SHARE
COPY LINK

POLITICS

‘It’s decided’: Macron set to reveal name of new French prime minister

President Emmanuel Macron was set to end the ongoing suspense around who will be France's new prime minister at the start of this week by revealing who will succeed outgoing PM Jean Castex. But who will it be?

'It's decided': Macron set to reveal name of new French prime minister
France's President Emmanuel Macron (R) shakes hands with France's Prime Minister Jean Castex (L) at the Arc de Triomphe as part of the ceremonies marking the Allied victory against Nazi Germany and the end of World War II in Europe (VE Day), in Paris on May 8, 2022. (Photo by Ludovic MARIN / POOL / AFP)
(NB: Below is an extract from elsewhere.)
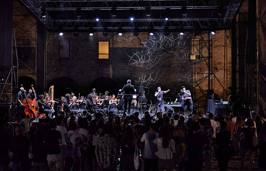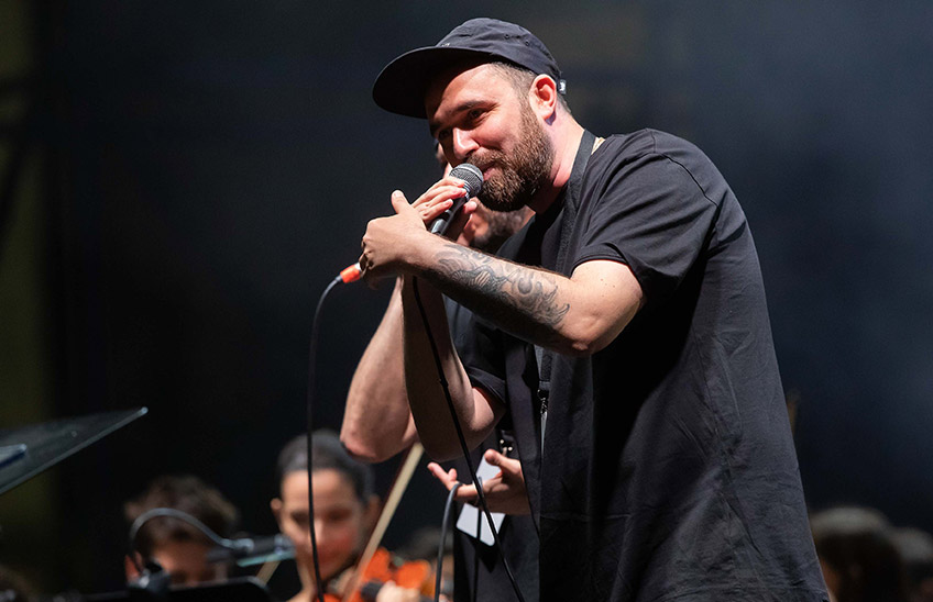Claver Gold’s hip hop is a sophisticated mix of rhymes, a clever balance of passion, improvisation (in the best tradition of freestyle) and compositional rigour: live narration, urban poetics that moves from intimate, private emotions to encompass the feelings of a whole generation. After making a name for himself on the Italian rap scene with “street” rap and many indie albums, he joined forces with his friend and colleague Murubutu to tackle Dante in a joint album, Infernum.This work won the interest of the general public, captured by Claver Gold’s poetic juxtapositions where everyday life, the primary source of inspiration for hip hoppers, is combined with the darkest and tensest Nordic tales, now tinged by the full colours and unpredictable orchestral mix of classic strings, brass and woodwinds.

French President Emmanuel Macron formally began his second term in office on Saturday and has maintained suspense about his new government ahead of parliamentary elections next month that will shape his next five years in power.
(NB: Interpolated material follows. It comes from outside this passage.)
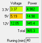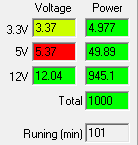 При типичном распределении мощности по каналам отклонения от номинала не превышают 3% по каналу +3.3VDC, 3% по каналу +5VDC и 1% по каналу +12VDC.

The 44-year-old scored a solid victory in presidential polls on April 24th against far-right leader Marine Le Pen, but still needs a majority in parliament to be able to push through his domestic reform agenda. 

The identity of Macron’s new government is expected to set the tone for campaigning, with the president suggesting he intends to name only the second woman prime minister in modern French history.

The announcement is expected on Monday but Macron has seemed in no rush so far so we shouldn’t be surprised if the suspense lasts a little longer.

An opinion poll in the weekly Journal du Dimanche newspaper on Sunday showed that 74 percent of the French public would prefer a female prime minister.

“For the last 15 days it’s all been about finding the woman,” one Macron aide told the JDD newspaper. However another Macron ally warned that the president could yet throw up a surprise by naming a man after all.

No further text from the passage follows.